Ansell Slashes Dividend as Profit Falls
In FY24, Ansell’s revenue fell 2.2% to $1.62 billion, mainly due to inventory reduction by its healthcare customers. Among the company’s segments, Healthcare witnessed a 7.7% decline in its sales on a statutory basis. On the other hand, the Industrial segment’s sales grew 4.6% year-over-year. Meanwhile, Ansell reported a 48.8% year-over-year drop in its net profit to $76.5 million.
As a result, the company slashed its final dividend to 21.9 cents per share for FY24, from 25.8 cents a year ago.
In July, Ansell finalized its acquisition of the personal protective equipment division (renamed KBU) of Kimberly-Clark (KMB). This acquisition is set to strengthen Ansell’s portfolio, generate cost synergies, and provide tax benefits.

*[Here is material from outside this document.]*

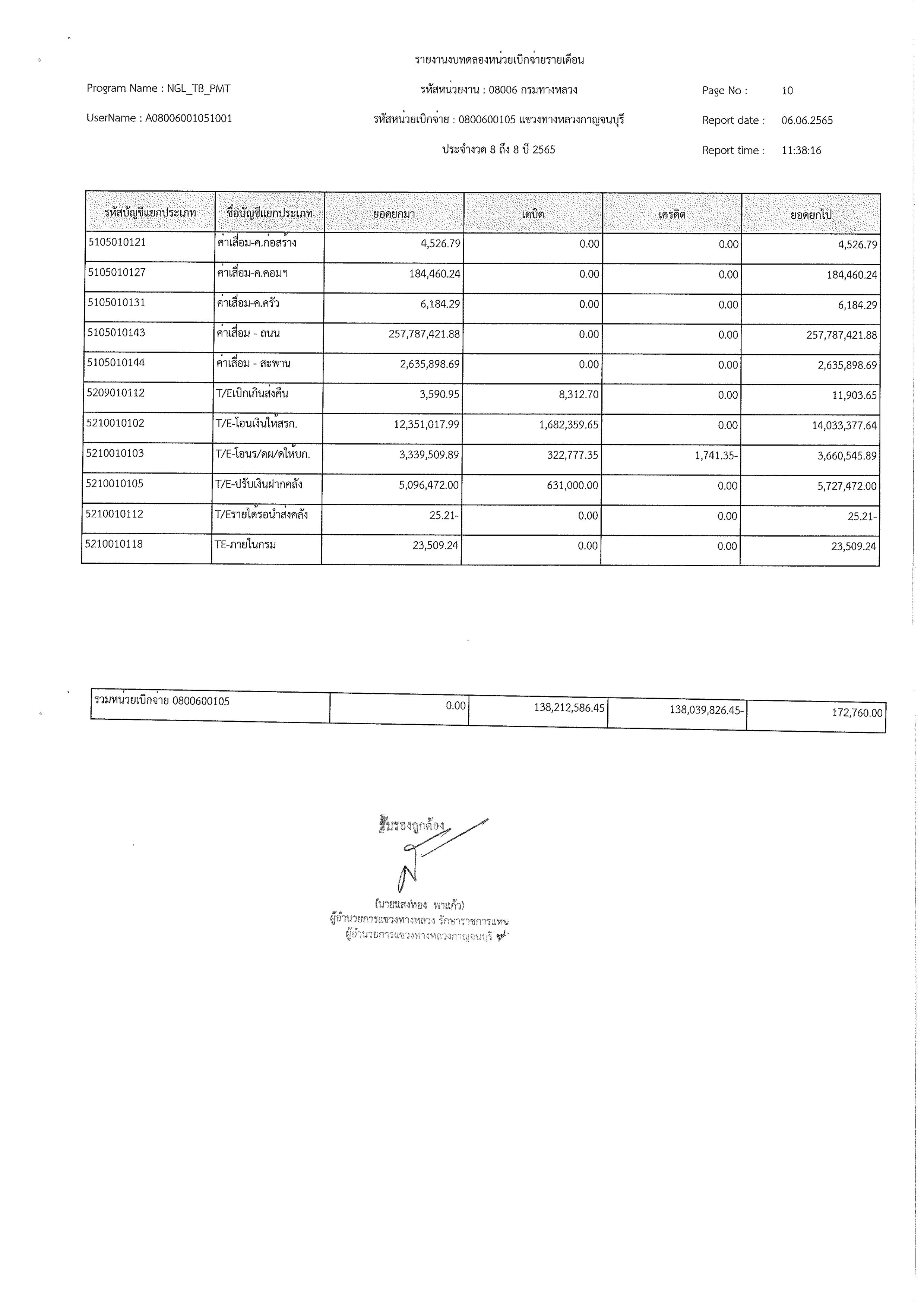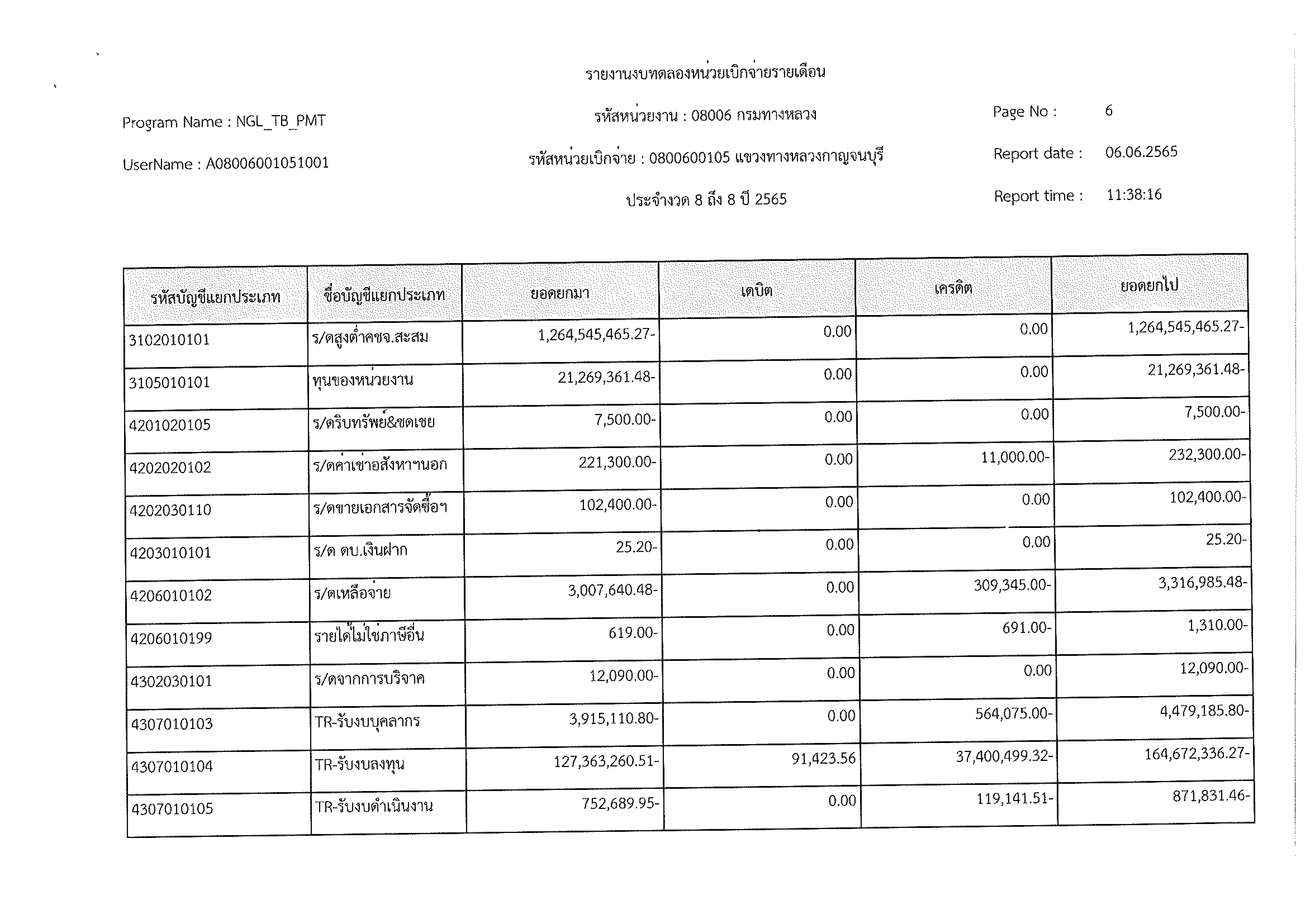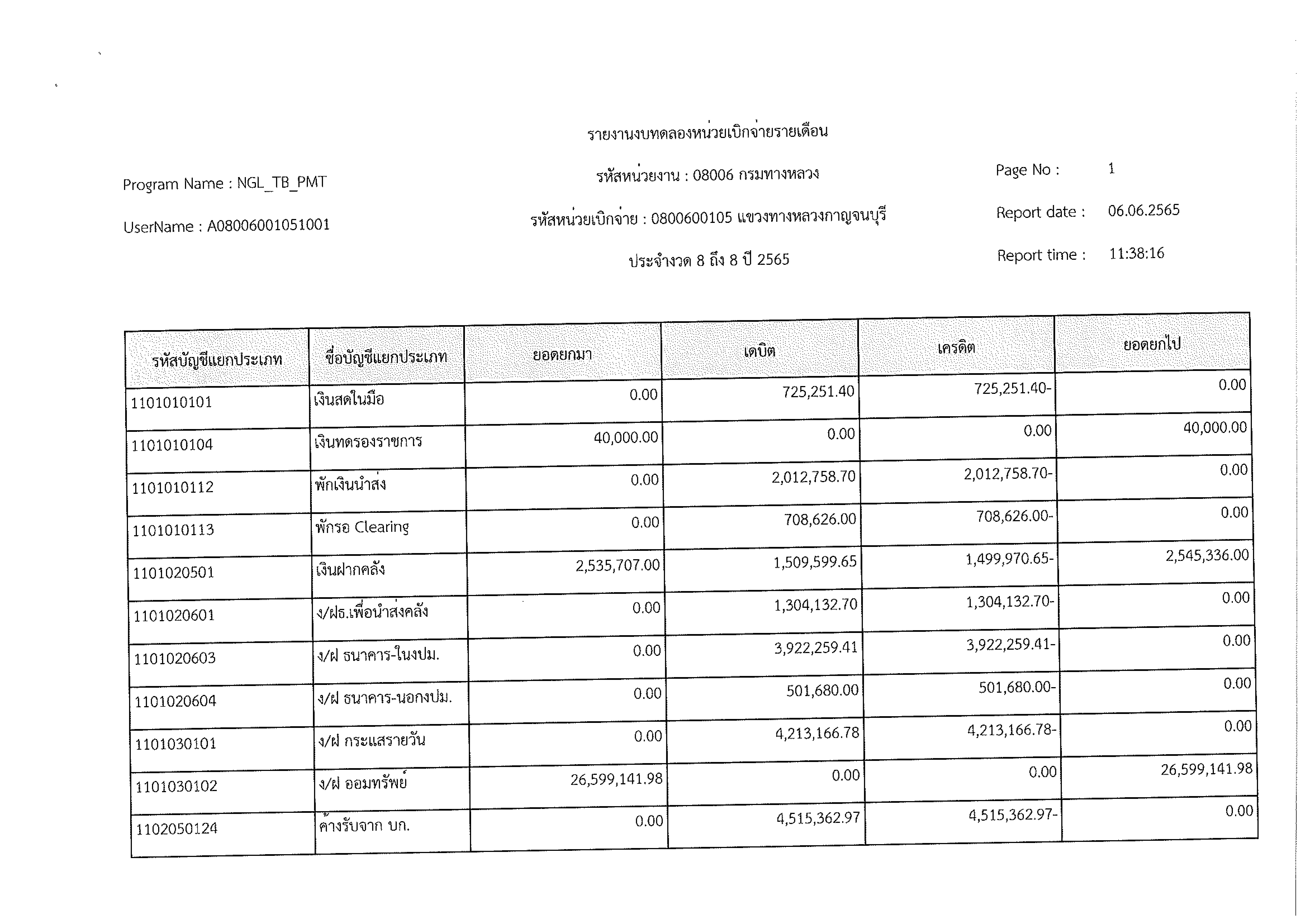 รายงานงบทดลองหน่วยเบิกจ่ายรายเดือน ประจำงวด 8 ประจำปีที่ 2565

Looking ahead, Ansell expects EBIT (earnings before interest and tax) to increase in FY25, driven by higher sales, cost savings, and additional contributions from KBU.
Are Ansell Shares a Good Buy?
According to TipRanks’ consensus, ANN stock has been rated a Moderate Buy based on three Buys and one Sell recommendation. The Ansell share price forecast is AU$28.04, which is 5.17% below the current price level.